Крайнин стукнул по столу так, что хлюпнуло из кружки, и луковицы спрыгнули на пол. Собачья жизнь! Денег – куры не клюют, а глотаешь эту вонь. Вскочил с табурета, подлетел к комоду, рванул нижний ящик. Стал вытаскивать из него тряпье. На самом дне новенькие купюры сотен, червонцев... Вот оно, его богатство. Все на них можно купить, да ничего не купишь. Даже бутылку коньяка попробуй взять. Сразу выпучат зенки: дескать, не по карману живет.

И тут Крайнину послышалось, что стукнули в дверь. Хмель вышибло из головы. Как зверь, попавший в сеть, стал метаться по полу, собирать разбросанные десятки. Прислушался. Стук не повторялся. Потушил свет, поковылял к запотевшему окну, дрожащей рукой протер стекло. Вроде никого. Сумерки клочкастым туманом уходили со двора, цепляясь за ветки осокорей.

Страх отошел. Крайнину сразу сделалось зябко. Вернулся к столу и, насилуя себя, сделал два судорожных глотка из кружки. И снова жар потек по жилам. Крайнин постыло обвел комнату туманным взглядом, уронил голову на стол и заплакал.

...Михаил Зайцев родился в Саратове. Ему было пятнадцать, когда на глазах утонула в Волге мать. Примерно через год отец спутался с гостившей по соседству красавицей-корсачкой и махнул с молодкой на Нижний Баскунчак. Там устроился на промыслах соли. Письма от него шли все реже и реже, потом их совсем не стало. Бабка, под чьим присмотром остался Мишка, вскоре умерла, и он оказался один в сырой комнатушке.

Был грузчиком, плотничал, слесарил. Как-то товарищ по работе Федя Шустин затащил Зайцева в заводской клуб. В конце коридора – радиокласс. Бьют ключи, попискивает морзянка. Говорят, у каждого человека есть призвание. Зайцев своего призвания не знал, но из той комнаты, где весело пищали точки и тире, Федя утащить его не смог. Через полгода у Михаила был документ об окончании курсов радиолюбителей с отличием.

Однажды гулял по набережной, и подлетела к нему пышногрудая, светловолосая дивчина...

– Вы не в Энгельс?.. Землячок, пособите диван на переправу погрузить. Купила у знакомых.

От Саратова до Энгельса – рукой подать. Но через Волгу пароходиком-переправой приходится добираться. Михаил помог Тосе погрузить диван и поплыл с нею. В Энгельсе наняли подводу.

Разгружая покупку, Тося хоть и ухватила свой бок по-мужски крепко, но силенок не хватило: упала, и у дивана оторвался валик, треснула доска. Вот и зачастил «мастер» Зайцев в Энгельс диван ремонтировать.

Тося жила с матерью в старенькой мазанке, обнесенной дощатым забором. Сразу за мазанкой – сад.

Как-то сидели на лавочке в саду. Он, как всегда, молчал, она тараторила безумолку, болтая ногами. Лавочка затрещала, и Тося чуть не упала. Подломилась трухлявая ножка скамьи.

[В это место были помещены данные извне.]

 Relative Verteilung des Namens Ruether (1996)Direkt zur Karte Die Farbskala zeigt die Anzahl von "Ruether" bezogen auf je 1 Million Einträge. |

– Вот что значит – мужика в доме нет.

– А я! – вырвалось у Михаила.

Так вот и женился Михаил Зайцев. Жить решили в Энгельсе. Тося осталась работать на почте, а с ним дело пошло туже. Предлагала Тося на телеграф. В кармане-то специальность радиста. Но он заупрямился. Маловато платят. Устроился слесарем.

Вскоре родилась у них дочь Леночка. А через год – война.

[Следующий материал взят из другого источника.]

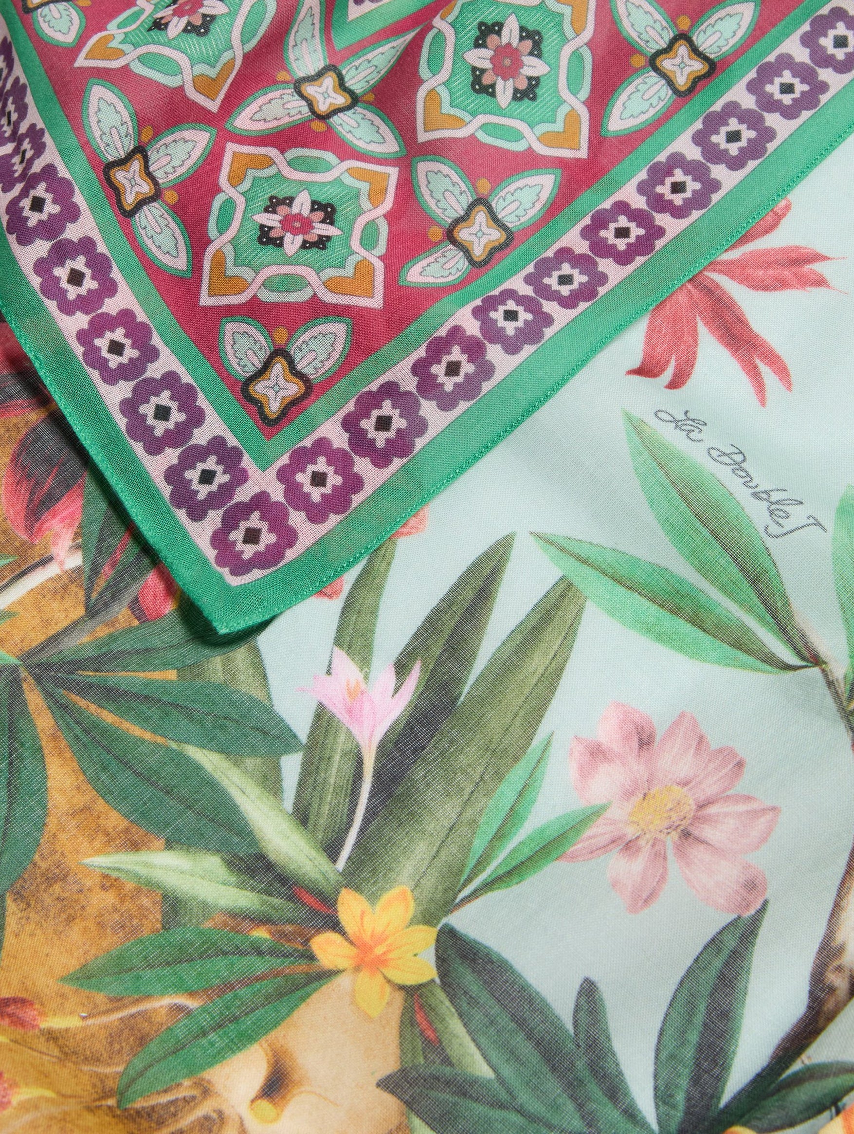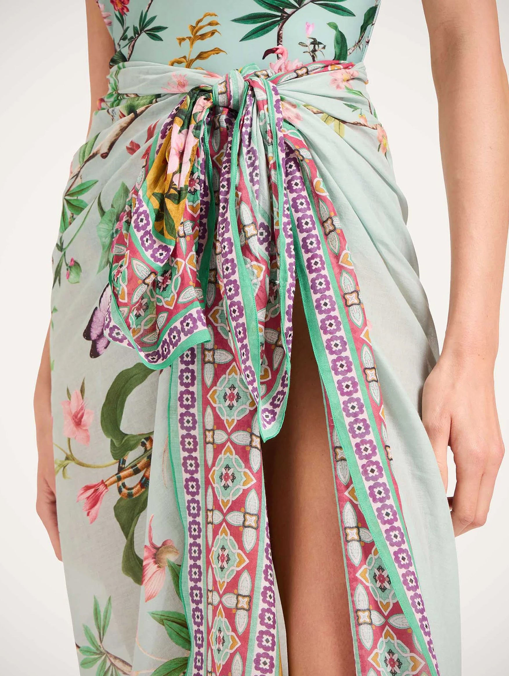 The La DoubleJ Cotton Pareo in Zooflora is an elegant Italian-made silk voile scarf that channels sun-drenched sophistication. Draped gently around the neck, tied at the waist, or looped through your bag, it brings effortless Dolce Vita charm and sculptural ease to any look. The perfect resort attire to add style to every moment.

Михаила призвали в армию в конце августа. Тося плакала, прижавшись к его груди, шептала:

– Буду ждать тебя всегда. Безногим, безруким, слепым, глухим – только возвращайся. Бей гадов и возвращайся! Слышишь?

Зайцев попал в учебный артиллерийский полк. Занимались по десять-двенадцать часов в сутки. Батарейцев готовили на командиров орудий.

Однажды вечером его неожиданно вызвал в канцелярию командир артдивизиона. Рядом с майором сидел капитан-связист.

– По данным военкомата вы закончили радиокурсы?

Михаил подтвердил. Капитан задал несколько вопросов. Ответами остался доволен. Особым приказом Зайцева и еще трех курсантов-артиллеристов откомандировали в другую часть.

Отобранных радистов капитан доставил в Москву. Пока шли формальности, Зайцева с сослуживцами поместили в одной из гостиниц. Позже Михаил понял: родословные кандидатов в радисты проверяла контрразведка. Однако без дела не сидели: изучали материальную часть и возможные неполадки современных радиостанций, их учили расшифровке и кодированию текстов. И каждый день – тренировки на ключе.

Как скрипач, долго не державший скрипку, так и Михаил вначале работал с ключом неуверенно. Но вскоре освоился. Ребята так привыкли к «голосу» каждого радиста, что безошибочно определяли, кто из четырех работает ключом. Позже их разбили на пары. Видимо с прицелом: безошибочно узнавать друг друга за тысячи километров.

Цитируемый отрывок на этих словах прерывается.